2. The method of claim 1, wherein the feature information of the picture is obtained via a first neural network other than the N sub-neural networks.

3. The method of claim 2, wherein the first neural network and the N sub-neural networks are pre-trained via a set of training pictures including object relationship labeling data.

4. The method of claim 1, wherein the picture region characteristics comprise at least information representative of topographical characteristics of the object.

5. The method of claim 1, further comprising:

detecting a plurality of objects in the picture to obtain the position layout characteristics of each object;

generating picture characteristics of the relational predicate at least based on the picture area characteristics of the subject object and the picture area characteristics of the object in the candidate subject-object pair, wherein the generating step comprises the following steps:

generating picture features of the relational predicate based on picture region features of the subject object and picture region features of the object in the candidate subject pair, and the position layout features of the subject object and the object.

6. The method of claim 5, wherein the positional layout features include information indicating a positional relationship of the subject object and the object in the picture.
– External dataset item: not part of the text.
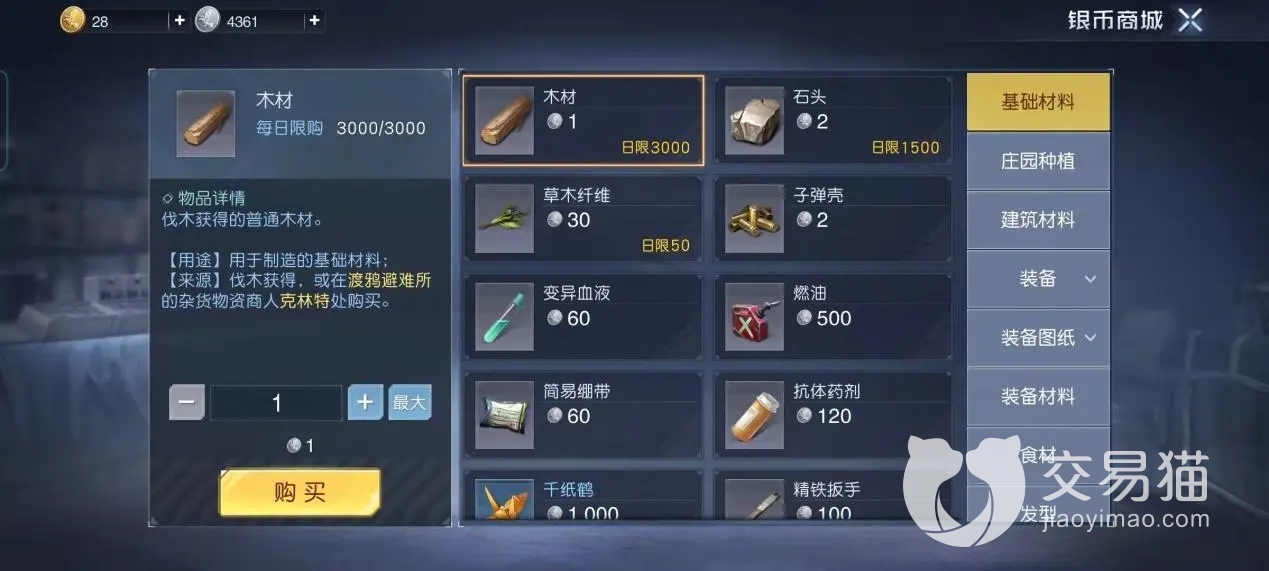 划分标准有品级高低和使用途径,我们这里综合两个参考标准,按每种使用途径中从低到高进行分类,方便大家参考物资的作用和可能的获得方法。首先我们可以在物资商店里买到的,都是最基础的物资。其中木材石头和草木纤维最常见,用途也广泛,打造采集工具、篝火,建造房屋和设施都要用到它们。

7. The method of claim 5, wherein generating the picture characteristics of the relational predicate based on picture region characteristics of the subject object and the object in the candidate subject-object pair and location layout characteristics of the subject object and the object comprises:

and integrating the picture area characteristics of the subject object and the object and the position layout characteristics of the subject object and the object to generate the picture characteristics of the relational predicate.

8. The method of claim 7, wherein the integrating comprises direct combining or post-combining compression.

9. A method of detecting object relationships from a picture, the method comprising:

detecting a plurality of objects in the picture to obtain picture region characteristics and position layout characteristics of each object;

pairing the objects detected in the pictures and filtering out nonsense pairs to obtain candidate guest-host pairs, wherein each candidate guest-host pair comprises paired picture region characteristics of the subject object and picture region characteristics of the object;

generating picture features of the relational predicate based on picture region features of the subject object and picture region features of the object in the candidate subject pair, and the position layout features of the subject object and the object; and

detecting the position relations of the plurality of objects according to characteristic information, wherein the characteristic information comprises: the picture region characteristics of the subject object, the picture region characteristics of the object, and the picture characteristics of the relational predicate.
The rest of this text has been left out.